The foursome reached Memphis the first evening and, in company with some friends congregated in the bar of the Union Hotel for a farewell drinking party, where Crockett repeated an oft-heard refrain from his unsuccessful campaign that, "since you have chosen to elect a man with a timber toe to succeed me, you may all go to hell and I will go to Texas." They set off the next day, ferrying across the Mississippi River and riding overland to Little Rock, Arkansas. The group then traveled southwest to the Red River at the boundary with North Texas. Crossing the Red River, they passed through Clarksville, and by January 5, 1836 reached Nacogdoches. At San Augustine the party evidently divided and Burgin and Tinkle went home. Crockett and Patton signed the oath of allegiance, but only after Crockett insisted upon the insertion of the word "republican" in the document. They thus swore their allegiance to the "Provisional Government of Texas or any future republican Government that may be hereafter declared." Crockett balked at the possibility that he would be obliged to support some future government that might prove despotic. On January 9 he wrote his last letter home, telling family and friends that "I am rejoiced at my fate."
In early February Crockett arrived at San Antonio de Béxar; Antonio López de Santa Anna arrived on February 23. On the one hand Crockett was still fighting Jackson. The Americans in Texas were split into two political factions that divided roughly into those supporting a conservative Whig philosophy and those supporting the administration. Crockett chose to join Col. William B. Travis, who had deliberately disregarded Sam Houston's orders to withdraw from the Alamo, rather than support Houston, a Jackson sympathizer. What was more, he saw the future of an independent Texas as his future, and he loved a good fight.
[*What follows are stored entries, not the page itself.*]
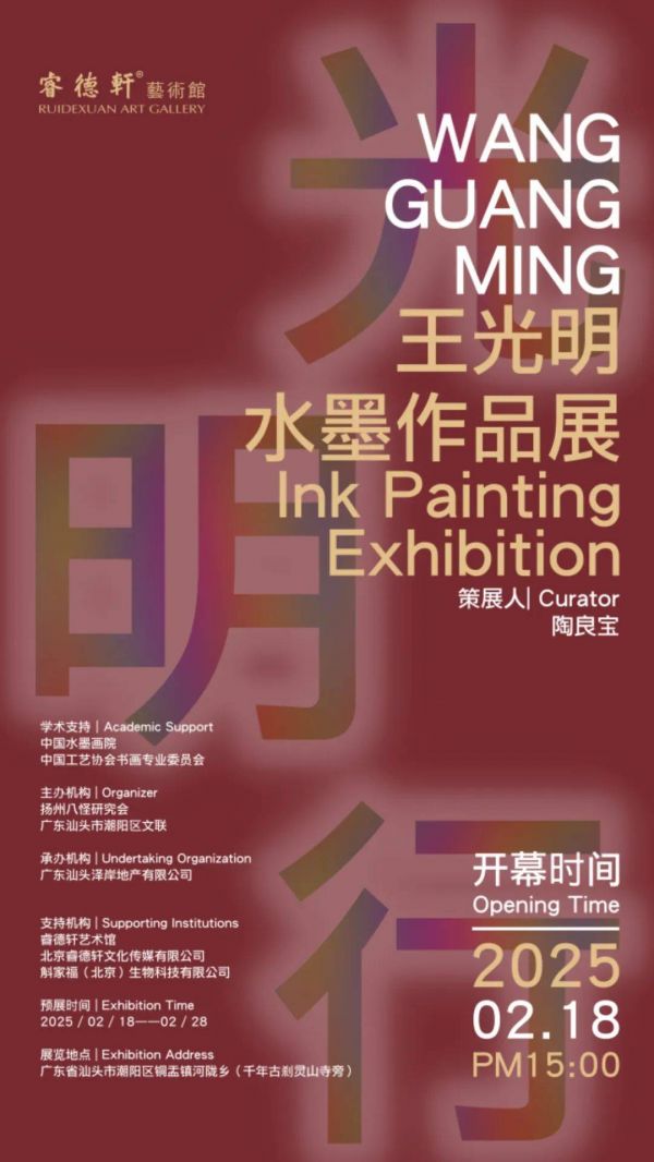 展览主题:光明行——王光明水墨作品展。策展人:陶良宝。学术支持:中国水墨画院,中国工艺协会书画专业委员会。主办机构:扬州八怪研究会,广东汕头市潮阳区文联。承办机构:广东汕头泽岸地产有限公司。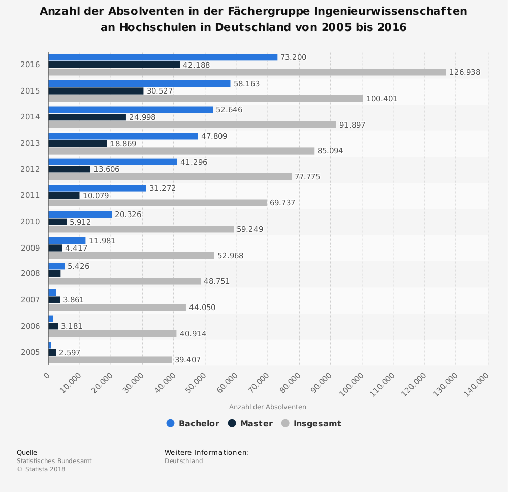 Nicht nur immer mehr Schulabgänger entscheiden sich für ein Studium, viele von ihnen lassen sich für die Technik begeistern. So ist die Anzahl der Absolventen in den letzten zehn Jahren um ein Vielfaches gestiegen. Während 2005 gerade einmal knapp 40.000 Studierende einen Abschluss im Ingenieurwesen machten, waren es 2016 fast 127.000.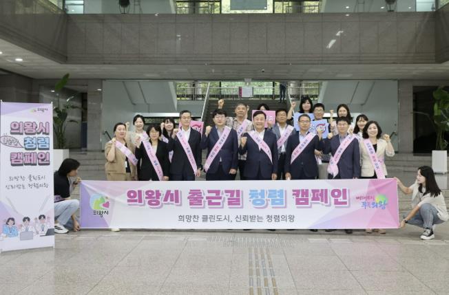 이번 캠페인에는 김성제 의왕시장과 안치권 부시장을 비롯해 4급 이상 간부공무원 및 감사담당관 직원 등 20여 명이 참여했다. 이들은 출근하는 직원들에게 청렴 문구가 새겨진 홍보물을 나눠주며, “오늘도 청렴”이라는 구호를 함께 복창했다.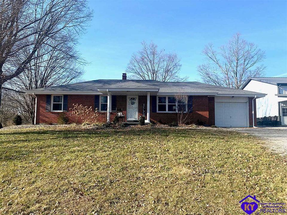 SUCH A LOVELY HOME! So may wonderful newer trends you will love! BIG PLUS~ Pole barn/ Storage building! Feels like home the moment you enter! This has such a peaceful feel of the country and located in the HEART OF KY! Charming updated brick ranch with full size basement. You'll love the spacious living room which gorgeous hardwood floors. Bathroom has custom tile work! The kitchen is so nice , & comes equipped with a range, dishwasher, & refrigerator. You'll enjoy an open floorplan and 1st floor master bedroom and bath as well as two other good sized bedrooms. The basement has a spacious and opportunities for a play room, game room, etc.... The deck off the dining/kitchen area is perfect for entertaining or just a relaxing area for you! This home is fabulous! The final touches and captivating bright open floor plan will definitely impress you. Everything from top to bottom is awesome! Must see to believe.!! Don't miss out on this beautiful home- The new building is so nice for so many purposes! Schedule a private tour today! Data believed correct but not guaranteed. Buyer to verify data prior to offer.

Crockett died in battle of the Alamo on March 6, 1836. What one writer has dubbed "a monstrous and unwieldy subcategory of Texana and Alamo writing," and another calls "the Crockett death wars," emerged as a result of the publication of the journal of Lt. José Enrique de la Peña. This "eyewitness account" declared that Crockett and five or six others were captured when Mexican troops overtook the Alamo at about six o'clock that morning. Santa Anna had ordered that no prisoners be taken. Infuriated when some of his officers brought the Americans before him to try to intercede for their lives, he ordered them executed and they were killed with bayonets and swords. De la Peña recounted that "these unfortunates died without...humiliating themselves before their torturers." A contentious and occasionally acrimonious controversy arose over whether de la Peña's diary was accurate, inaccurate, or even a twentieth century forgery. The debate initiated with the insistence of some contestants on calling the narrative a diary, which de la Peña never claimed. Rather, he made it clear that he wrote a narrative compiled from a mixture of notes made at the time, later recollections, accounts given him by others, and accounts in the Mexican press. De la Peña did not claim that he actually witnessed Crockett's death, and the passage dealing with it appears to reflect other statements that were plentiful in the press at the time.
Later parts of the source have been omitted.